And I won’t even add, “especially for beginners”. Even seasoned practitioners have days where they’d reasonably do almost anything than stop and be present with uncomfortable feelings, or get real about what their monkey mind is telling them.

One technique to approach that scariness? Research has shown that combining journaling and mindfulness significantly increase mindfulness, in addition to as a way of rest, and positive thoughts and emotions. As a lifelong journaller whose writing and mindfulness practices are inextricably linked, I concur.

  • What do I want to journal mindfully?
  • Can’t I just write as a substitute of meditating?
  •  How do I practice mindful writing?
  • 3 ways to make use of writing in meditation
  • 8 mindful journaling prompts for self-compassion, clarity and to quiet the mind
  • Bonus exercise

What do I want?

We’re so used to being on screens and laptops that the concept of “writing” often evokes typing. And if that’s the one way you possibly can write, no problem.

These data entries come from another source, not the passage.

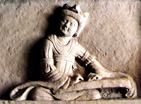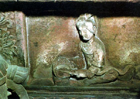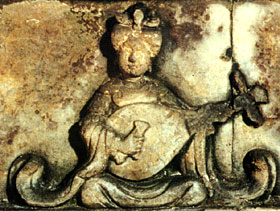 The Middle Chamber, larger than the others, is the main room in the Underground Palace. At its center is a "Sumeru throne" built of bluish-white marble and serving as the coffin platform, on which are placed Wang Jian's inner and outer coffins. On the east, west and south faces of the platform are exquisite sculptures of female professional dancers and musicians. On the south face are two carvings of dancers, and one carving of a pipa (a plucked string instrument with a fretted fingerboard) player and another of a clapper beater. On the east face are ten carvings of drum beaters, di (bamboo flute) players and others. On the west face are ten carvings of chi (single-tube transverse bamboo flute) and panpipe players and others.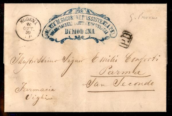 Governo Provvisorio - Lettera non affrancata da MODENA 20 OTTO.59 per Parma con bollo PD in cartella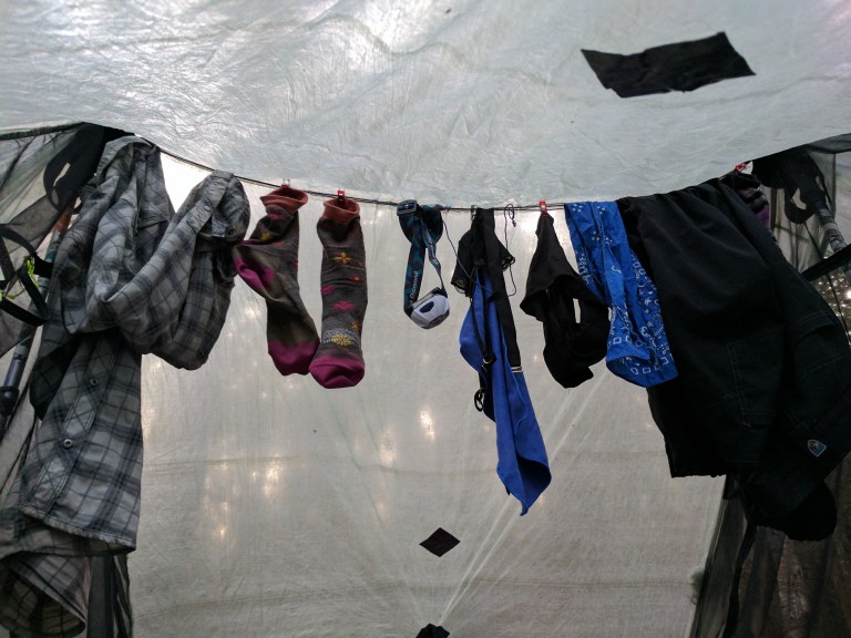 Lake laundry helps a lot but is not perfect. Real laundry in Monson will feel good, but I know the effect won’t last. As soon as I start walking, my clothes will be soaked again.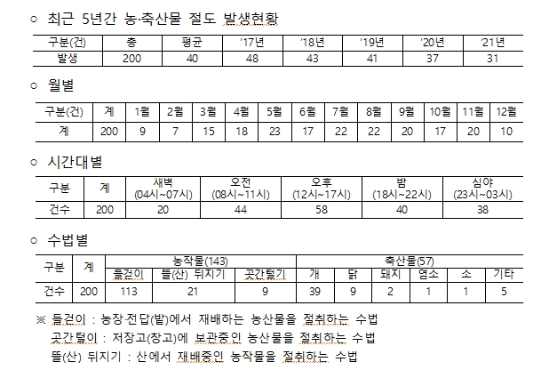 현제까지 도내 농·축산물 절도 피해는 지난 7월 말 기준 총 17건으로 약 800~900만 원 정도의 피해가 발생 됐으며, 특히 농산물 절도 피해를 입은것으로 파악됐다.

But should you can replace the screen with a pen and notepad, please do. Studies show that writing by hand affects our brains in a different way and truly has impacts which can be much like meditation. (See? You’re already halfway there.) I take advantage of a notepad for my morning pages (see below), a pile of scrap paper for brainstorming and scribbling, and a separate journal for thoughts I would need to return to later.

Can I just write as a substitute of meditating?

Yes! And no. When you’re really struggling to take a seat still (or walk, or stand – meditation isn’t only about having your bum on a cushion), writing can function a meditation in and of itself, so long as you’re doing it with intention. You may additionally find that after some  writing, your nervous system has settled and you’re feeling like being still for five or 10 minutes (or more).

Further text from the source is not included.